Page 311 - Наше дело правое
P. 311
Он думал, что забыл, как динаты говорят со слугами, оказалось — нет. — У
оврага мы расстанемся. Если попробуешь меня предать, умрешь, так что
предай лучше Болотича. Тем паче, он об этом не узнает.
Толмач торопливо кивнул. Будь на его месте Георгий, он бы бросился
на садящегося в седло предателя, Терпило и бросился — придержать
стремя.

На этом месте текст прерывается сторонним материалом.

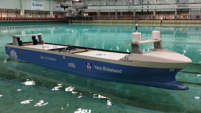 In August, Norwegian shipbuilder Vard was awarded a $30m contract to build the 120-teu Yara Birkeland. Kongsberg is developing the vessel in partnership with Norwegian chemical company Yara, which currently uses 40,000 diesel truck journeys each year to transport its fertiliser products to export terminals.
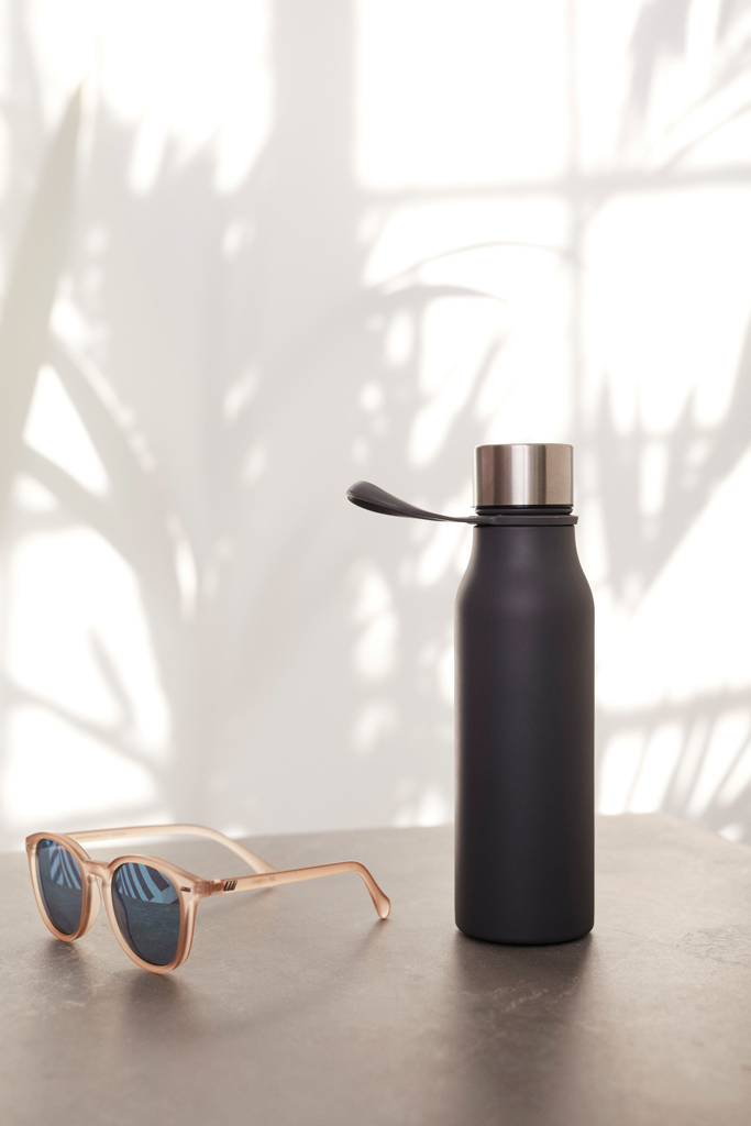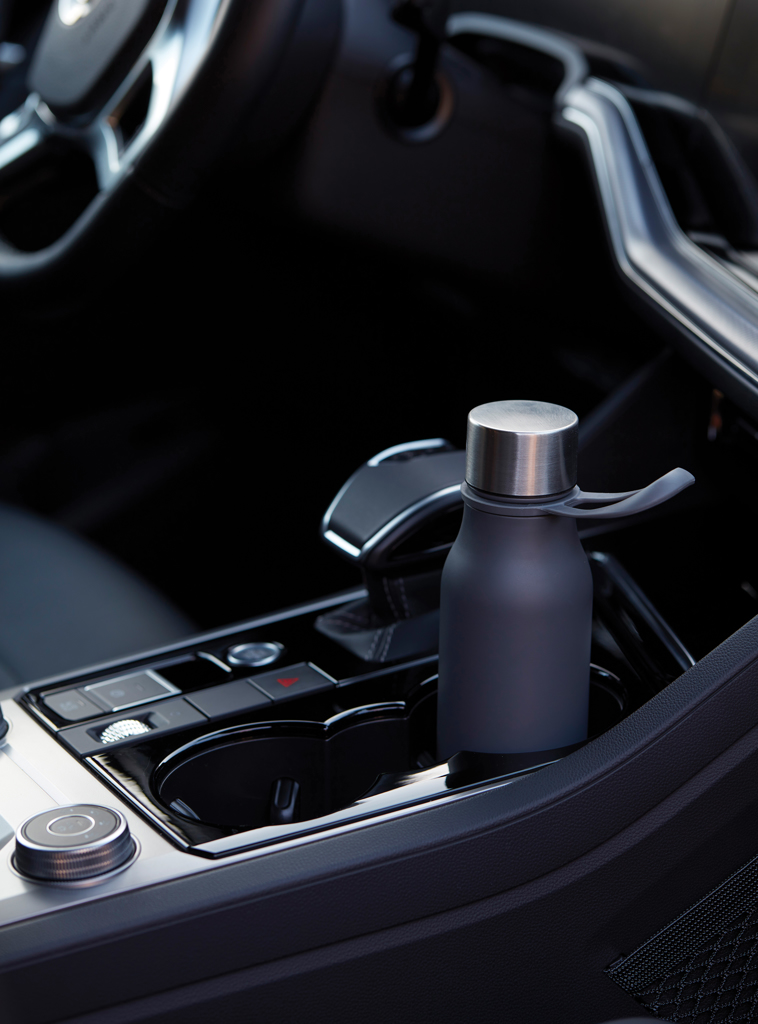 Stainless steel thermos that matches the water bottle coming from the same series. The eyelet on the lid is great for attaching the thermos to the bag and thanks to its shape, it fits most cup holders. Suitable for both hot and cold drinks, keeping the temperature intact for a long time. Easy to clean.
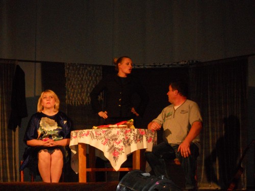 Одесский народный театр порадовал зрителей новой премьерой. Пьеса известного омского режиссера Александра Чернухи, написанная по мотивам рассказа А. Кузнецовой «Перина», была поставлена самим автором в течение примерно двух месяцев. И, как признался режиссер во время премьеры, спектакль уже живет своей жизнью…
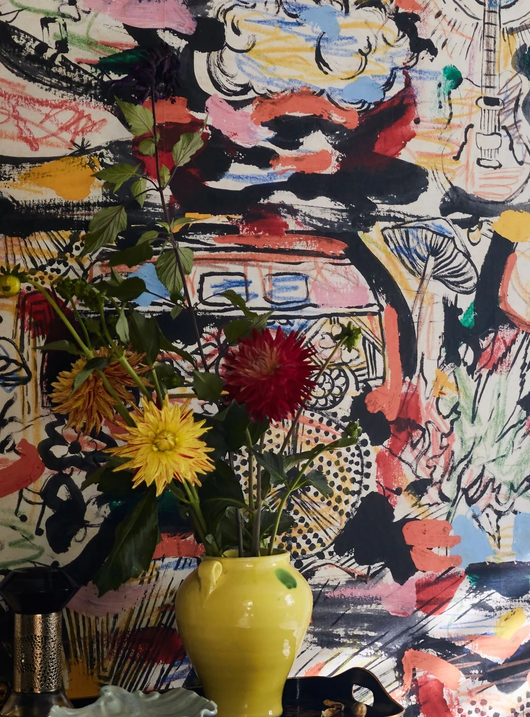 Das farbenfrohe dreiteilige Wandbild beschwört voller Dynamik den Sommer 1969 herauf – den Sommer, in dem das legendäre Woodstock-Festival stattfand. Das kraftvolle Design scheint unter dem Eindruck der Musik jener Ära entstanden zu sein, voller Ausdruck, Lebendigkeit, psychedelischer Elemente und dem Loslösen von Altbekanntem. Die außergewöhnliche Tapete mit ihren bunten Farben verträgt charaktervolle Möbel aus den 60er Jahren, die eine der Motivfarben aufgreifen und betonen.
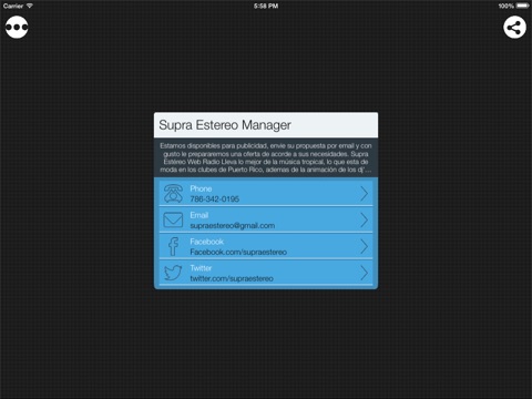 Supra Estéreo es una emisora virtual comprometida con llevarte la mejor música, sonando siempre éxitos. Mas que una aplicación de mezclas o un playlist fijo somos una verdadera emisora virtual, tenemos djs en vivo en diferentes horarios, llegamos para sonar toda la música que las emisoras convencionales no suenan y que son las que escuchas en la calle, estamos comprometidos con llevarte maxima variedad, música nueva y los éxitos que ya conoces. Disfruta de la Mejor Música!
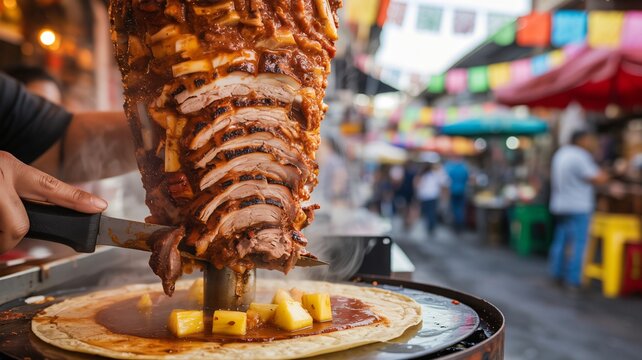 Chef carving sizzling al pastor meat from vertical rotisserie in street market
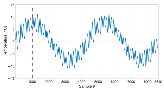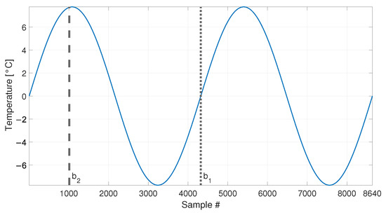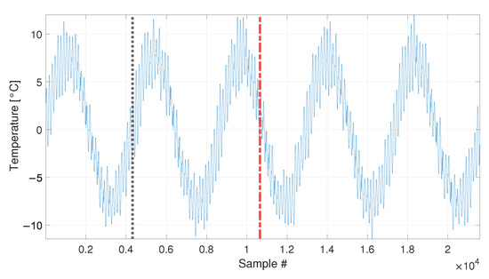Temperature trends, made by either a single sinusoidal trend or two sinusoidal trends, are simulated. If the latter case is considered, both long-term and short-term cyclic trends are present, to mimic seasonal and daily temperature fluctuations, respectively. A simple sine function with amplitude equal to 8 °C and mean equal to 0 °C is used for the long-term temperature trend, which represents the seasonal trend of the mean daily temperature. A series of sinusoidal functions characterized by a shorter period are used to represent the cyclic daily fluctuations. Each of the short-term sinusoidal functions has mean equal to 0 °C and amplitude which is randomly extracted from uniformly distributed numbers in the interval between 1.5 and 4 °C, to simulate that the thermal excursion may change from day to day. The two trends, i.e., the long-term sine function and the series of short-term trends, are summed up, to obtain the simulated temperature with two cyclic components. Conversely, simulated temperature trends with a single cyclic component are pure sines with amplitude equal to 8 °C, as the seasonal trend described above. The temperature values adopted to define the amplitudes of short-term and long-term trends are similar to those registered by meteorological outdoor stations, located in the north of Italy. Finally, the possibility to simulate eigenfrequency trends as function of the temperature allows also to use real temperature data as an input (see Section 3.4 and Section 3.5). Also in this case, temperature data are represented as variations with respect to a reference mean value.
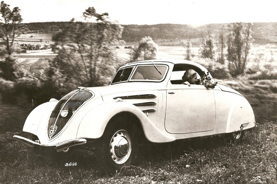 Together with coachbuilder Marcel Pourtout (pictured next to his work) and Parisian Peugeot dealer Emile Darl’Mat (1892–1970), the first Peugeot Eclipse was built on a Peugeot 301 chassis and presented to the public at the 1933 Salon de l’Automobile.
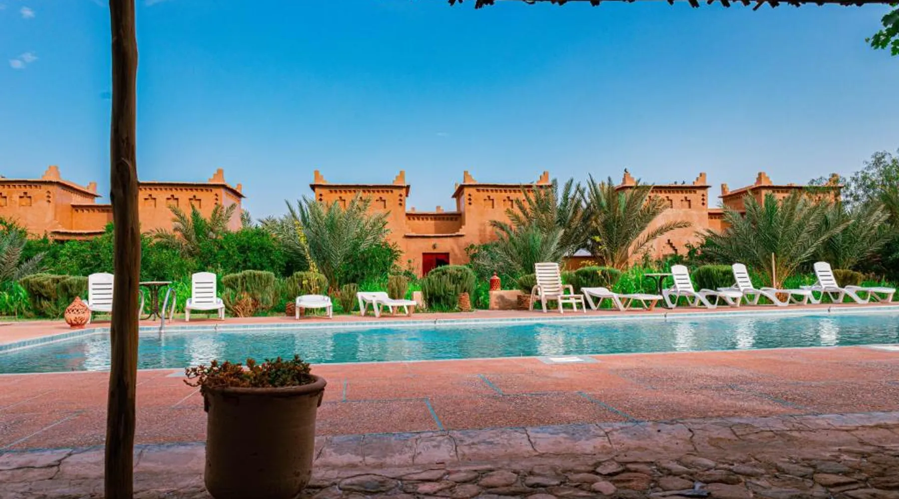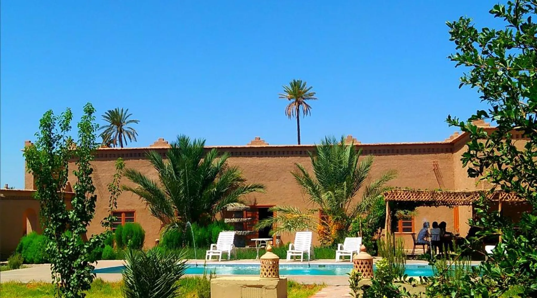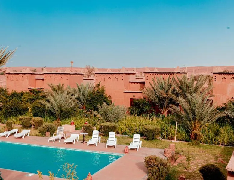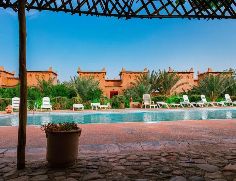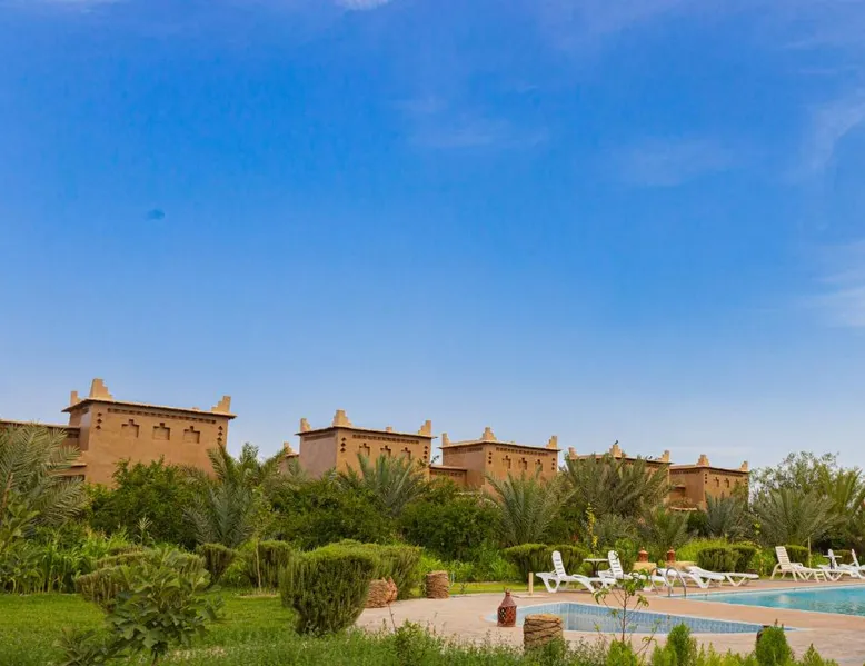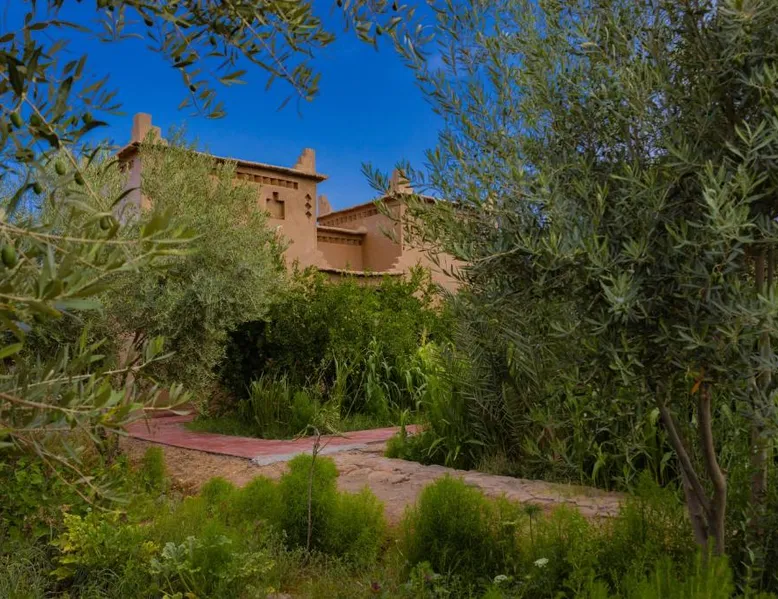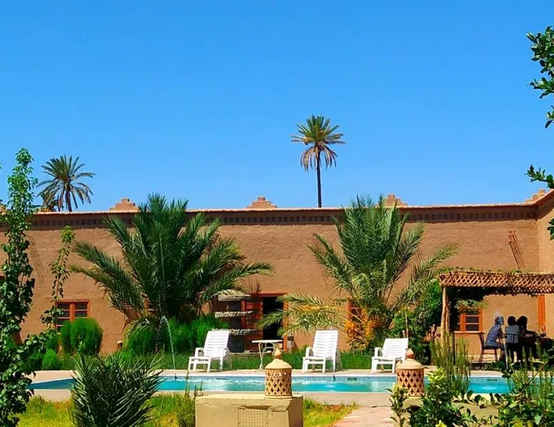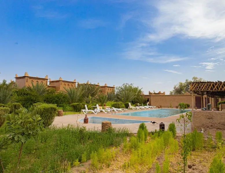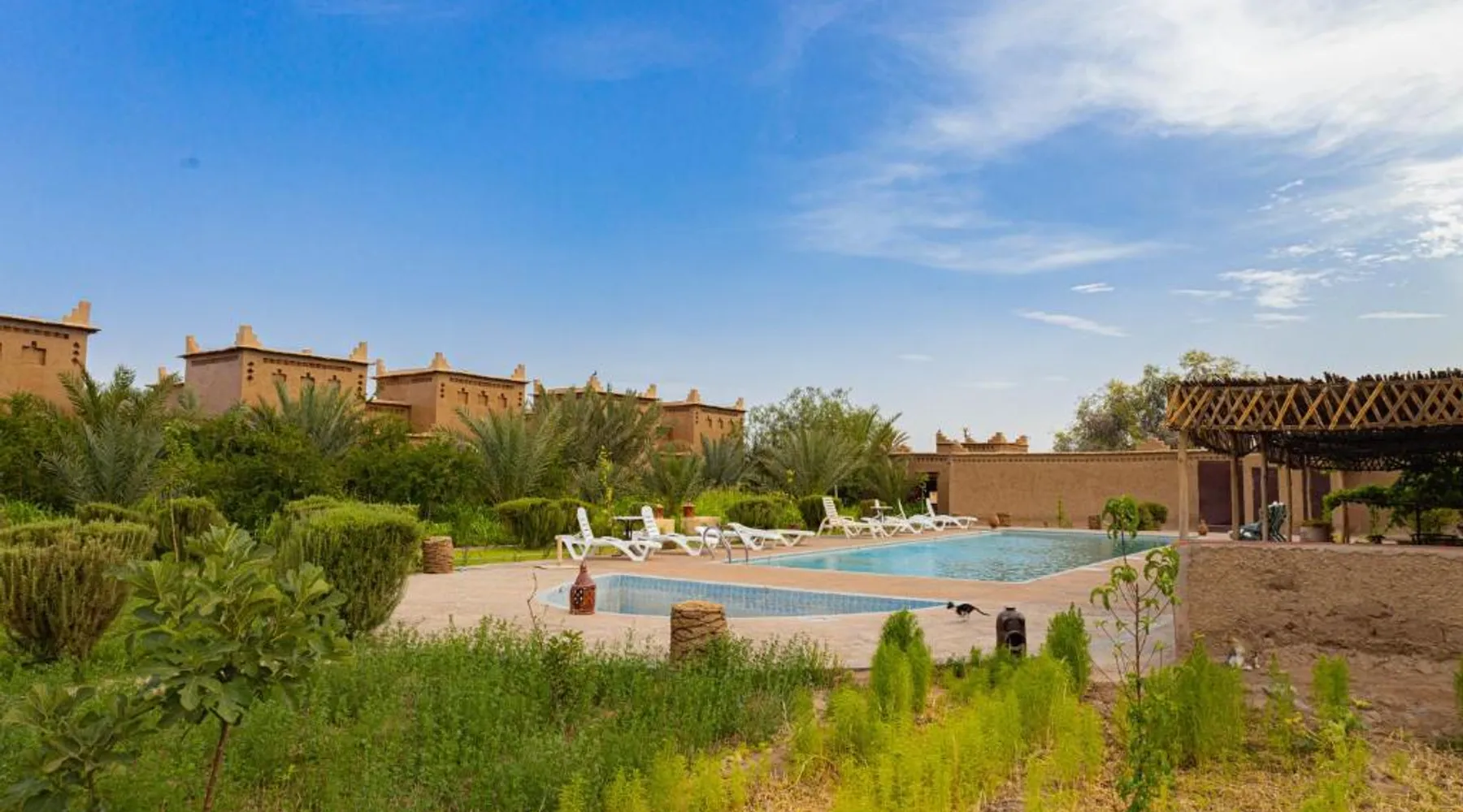 Comfortable Accommodations: Maison D'hôte Amridil in Skoura offers family rooms with air-conditioning, private bathrooms, and garden views. Each room includes a wardrobe, free toiletries, and a dining area. Exceptional Facilities: Guests enjoy a sun terrace, seasonal outdoor swimming pool, and a lush garden. The property features a restaurant, coffee shop, and free WiFi. Additional amenities include a terrace, pool, and mountain views. Dining Experience: The family-friendly restaurant serves African cuisine with halal, kosher, vegetarian, vegan, and gluten-free options. Breakfast includes continental, American, buffet, Italian, full English/Irish, and local specialties. Prime Location: Located 23 mi from Ouarzazate Airport, the guest house is a 5-minute walk from Kasbah Amridil. Nearby attractions include the Skoura Palm Grove and the Atlas Mountains. The spacious double room features air conditioning, a private entrance, as well as a private bathroom boasting a shower and a bidet. Among the room amenities are a wardrobe, tumble dryer, heating as well as outdoor furniture and garden views.
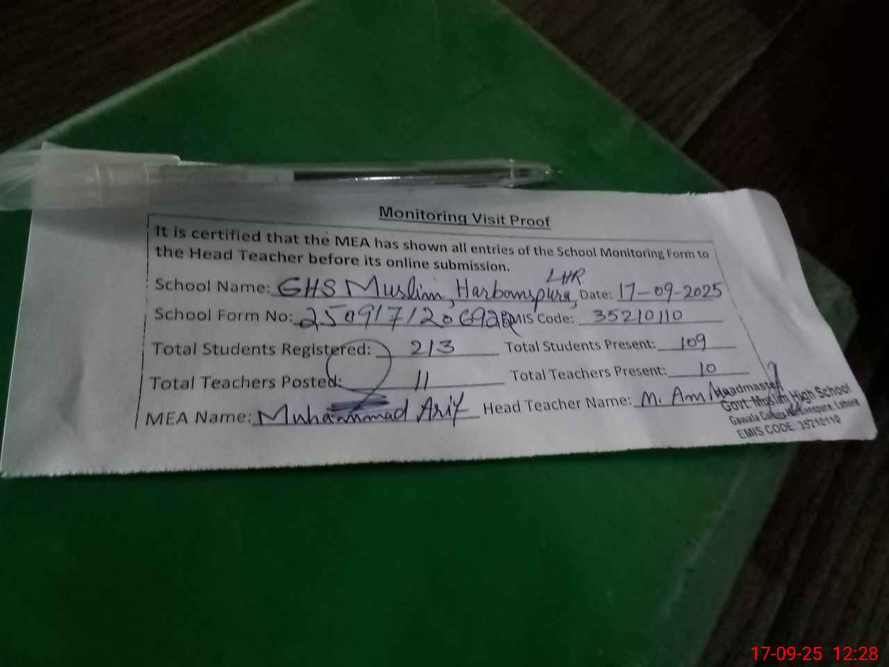 | EMIS Code: 35210110 | Name of School: GHS MUSLIM HARBANS PURA(Newly upgraded) | |||
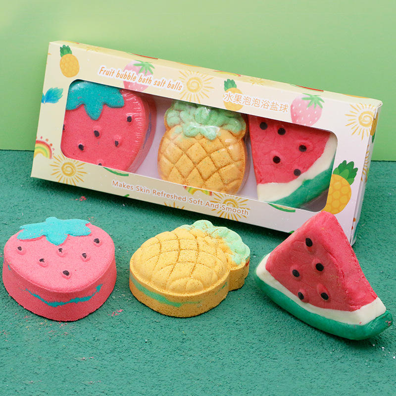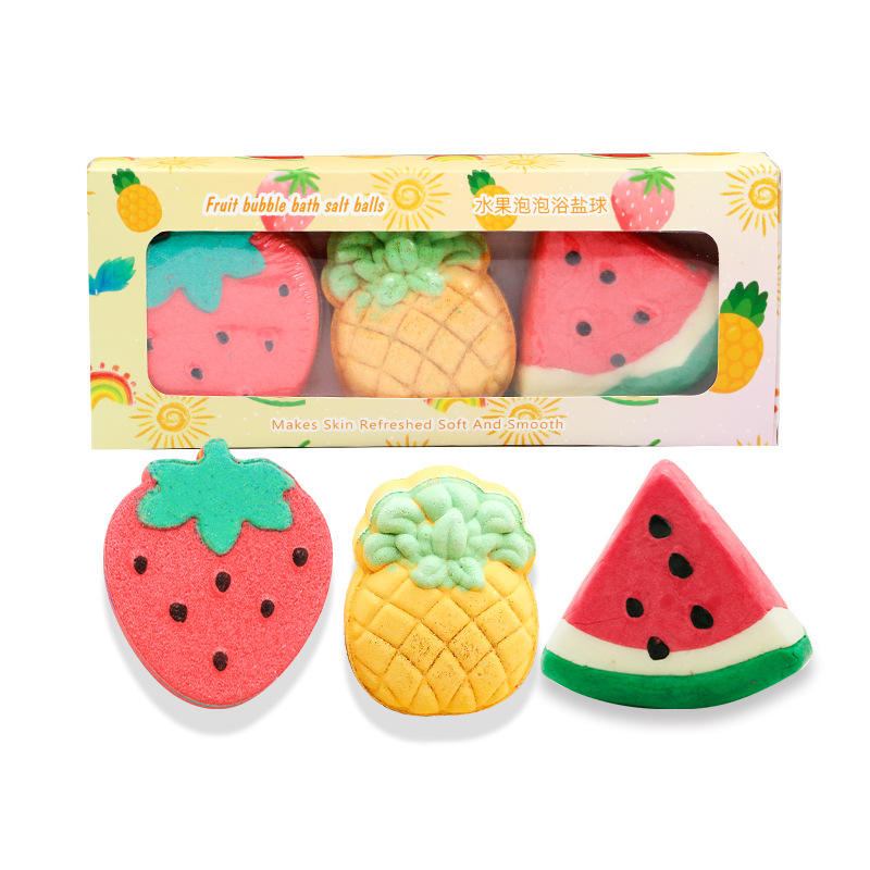 Bombes de bain artisanales de luxe naturelles aux fruits, huiles essentielles, cadeau de Noël, heure de bain éducative et amusante, formes de fruits mignonnes, effervescentes
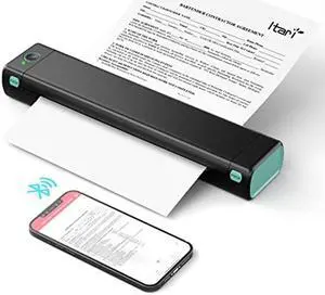 Portable Thermal Printer Wireless Travel - Bluetooth Printer for Phone, Small Mobile Printer for Laptop, Compact Inkless Printer for Vehicle Home Use School Office, Support 8.5" X 11" Letter Paper
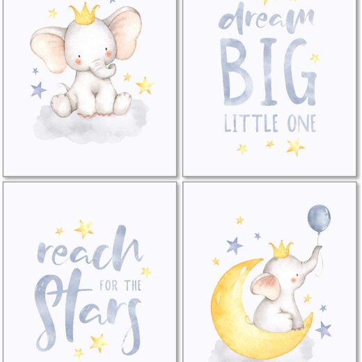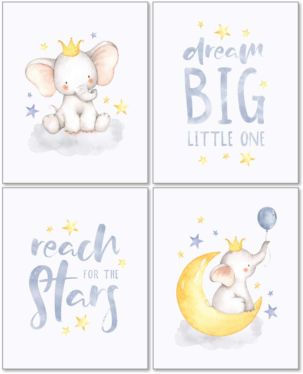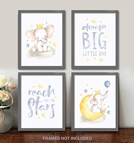 8×10 Unframed Set of 4 Artwork Prints Unframed Flexibility, ready to be placed in your favorite frames for display Dream Big Watercolor Illustrations printed on thick, White Pearl Art Paper Display in any space large, small, grouped with the others or hung separately Elephant Babies Nursery Phrases Decoration, Gender Neutral Bedroom Design

От отвращения севастийца передернуло.
— Меня не переживешь, не надейся!
— Что ты, боярин… Что ты… Не гневи Господа…
Георгий с бесстрастным лицом перехватил повод чужой лошади.
Феофан мог бы гордиться спокойствием ученика, хотя сегодняшним
замыслом наследник Афтанов был обязан иным наставникам. Феофан
предавать не учил. В отличие от Фоки. И от Болотича.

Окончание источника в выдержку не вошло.